Sources: Badkar, M. (2024, August 29). Immigration fuels U.S. job growth, easing worker shortages. The Wall Street Journal. https://www.wsj.com/economy/immigration-workers-labor-market-b277548f
Briggs, R., & Van Doren, P. (2025, July). Immigration policy and its macroeconomic effects in the second Trump administration (AEI Economic Policy Working Paper 2025-07). American Enterprise Institute. https://www.aei.org/wp-content/uploads/2025/07/Immigration-Policy-and-Its-Macroeconomic-Effects-in-the-Second-Trump-Administration.pdf?x85095

 

According to Congressional Budget Office estimates, net immigration has added more than 1 million people per year to the U.S. population, accounting for about 50% of the population growth of the U.S since 2000. The economy added roughly the same number of jobs per year, keeping labor supply and demand balanced. Immigration particularly surged over the past few years with more than 10 million people moving to the U.S. in the past four years.

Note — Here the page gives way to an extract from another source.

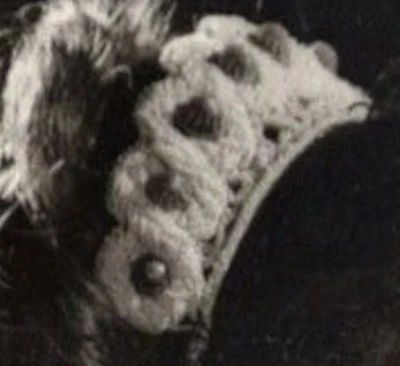 А вот украшение, напоминающее знаменитую Владимирскую тиару великой княгини Марии Павловны, оказалось лишь стилизацией. Оригинальная диадема, вывезенная за границу во времена революции, сегодня принадлежит английской королевской семье. Это лишний раз подтверждает, что почти все сокровища, которые могли бы передаваться из поколения в поколение, были утрачены.

This surge coincided with a booming economy and helped to add hundreds of thousands of jobs each month, even in a period of record low unemployment. Shifting to 2025, it is difficult to predict what  net immigration amounts to, especially when undocumented immigrants have more reason than ever to avoid being counted in official records, but most sources expect there to be a substantial reduction in immigration  and many expect there to be net negative figures for the year. Given falling immigration numbers, it is not surprising to see the absolute number of jobs added each month decline or even become negative while the overall labor market remains tight.  

 Conclusion: 

The Federal Reserve stands at a crossroads. It must decide in the next few months whether it will continue to hold rates steady until inflation is back to its target or continue lowering rates to get ahead of a potentially softening labor market. The delicacy of this decision is hard to overstate. Not only will its decision shape the economic landscape for the next several years but political pressure from the Whitehouse makes any deviation from its goals of full employment and low inflation risk making the Fed appear politically captured.